The song was first officially previewed at the August 5 listening party at Mercedes Benz Stadium. It was previewed again in Soldier Field on August 26, with an added verse from West at the end. "Off the Grid" also had a Pusha T reference verse that West stated to be "too-Black Lives Matter", describing it as "worse than the devil", as revealed in the 2025 documentary In Whose Name?.

==Reception==

The song received positive reviews from critics and fans, who widely considered it to be one of the best songs from the album. The track was named the best song of 2021 by Complex. Matthew Ritchie on Pitchfork reviewed the song with a positive outcome, especially praising Fivio Foreign's vocals.
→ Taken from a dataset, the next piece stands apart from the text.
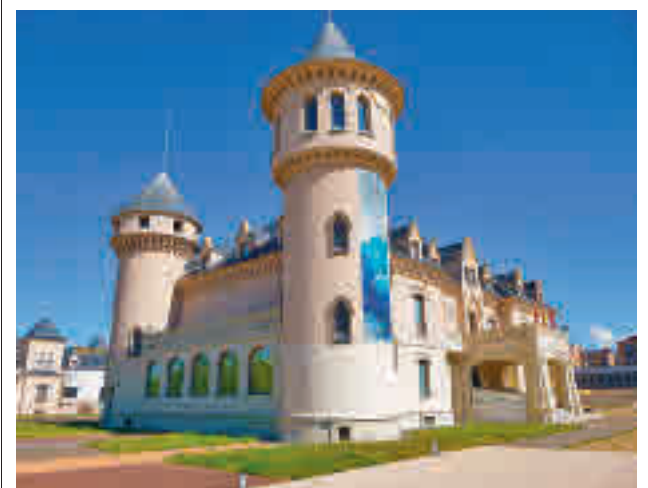
Los Castillos de Alcorcón

La investigación por el fallecimiento de un menor al ser atropellado mientras iba al patinete se encuentra "bajo secreto judicial".

Rob Harvilla on The Ringer Described the song as "an impressively claustrophobic Brooklyn drill excursion".

==Credits and personnel==
Credits adapted from Tidal.

- Kanye West – production, vocals
- Playboi Carti – vocals
- Fivio Foreign – vocals
- 30 Roc – production
- AyoAA – production
- Ojivolta – production
- David & Eli – co-production
- Sloane – additional production
- Irko – mastering, mixing
- Alejandro Rodriguez-Dawsøn – recording
- Drrique Rendeer – recording
- James Kelso – recording
- Josh Berg – recording
- Lorenzo Wolff – recording
- Mikalai Skrobat – recording
- Roark Bailey – recording
- Will Chason – recording
- Louis Bell – vocal editing
- Patrick Hundley – vocal editing

==Charts==

===Weekly charts===

Weekly chart performance for "Off the Grid"
| Chart (2021) | Peak position |
|---|---|
| Australia (ARIA) | 9 |
| Austria (Ö3 Austria Top 40) | 36 |
| Canada Hot 100 (Billboard) | 7 |
| Czech Republic Singles Digital (ČNS IFPI) | 40 |
| Denmark (Tracklisten) | 14 |
| France (SNEP) | 44 |
| Global 200 (Billboard) | 7 |
| Greece International (IFPI) | 21 |
| Hungary (Stream Top 40) | 35 |
| Iceland (Tónlistinn) | 10 |
| Ireland (IRMA) | 11 |
| Italy (FIMI) | 58 |
| Lithuania (AGATA) | 17 |
| Netherlands (Single Top 100) | 38 |
| New Zealand (Recorded Music NZ) | 7 |
| Norway (VG-lista) | 22 |
| Portugal (AFP) | 22 |
| Slovakia Singles Digital (ČNS IFPI) | 21 |
| South Africa (TOSAC) | 5 |
| Sweden (Sverigetopplistan) | 30 |
| Switzerland (Schweizer Hitparade) | 17 |
| UK Singles (OCC) | 15 |
| UK Hip Hop/R&B (OCC) | 7 |
| US Billboard Hot 100 | 11 |
| US Hot Christian Songs (Billboard) | 3 |
| US Gospel Songs (Billboard) | 2 |
| US Hot R&B/Hip-Hop Songs (Billboard) | 4 |

===Monthly charts===

Monthly chart performance for "Off the Grid"
| Chart (August 2021) | Peak position |
|---|---|
| Greece International Digital Singles (IFPI) | 56 |

===Year-end charts===

2021 year-end chart performance for "Off the Grid"
| Chart (2021) | Position |
|---|---|
| US Christian Songs (Billboard) | 11 |
| US Gospel Songs (Billboard) | 3 |

==Certifications==

| Region | Certification | Certified units/sales |
| Canada (Music Canada) | Gold | 40,000^{‡} |
| Poland (ZPAV) | Gold | 25,000^{‡} |
| New Zealand (RMNZ) | Gold | 15,000^{‡} |
| United Kingdom (BPI) | Silver | 200,000^{‡} |
| United States (RIAA) | Platinum | 1,000,000^{‡} |
^{‡} Sales+streaming figures based on certification alone.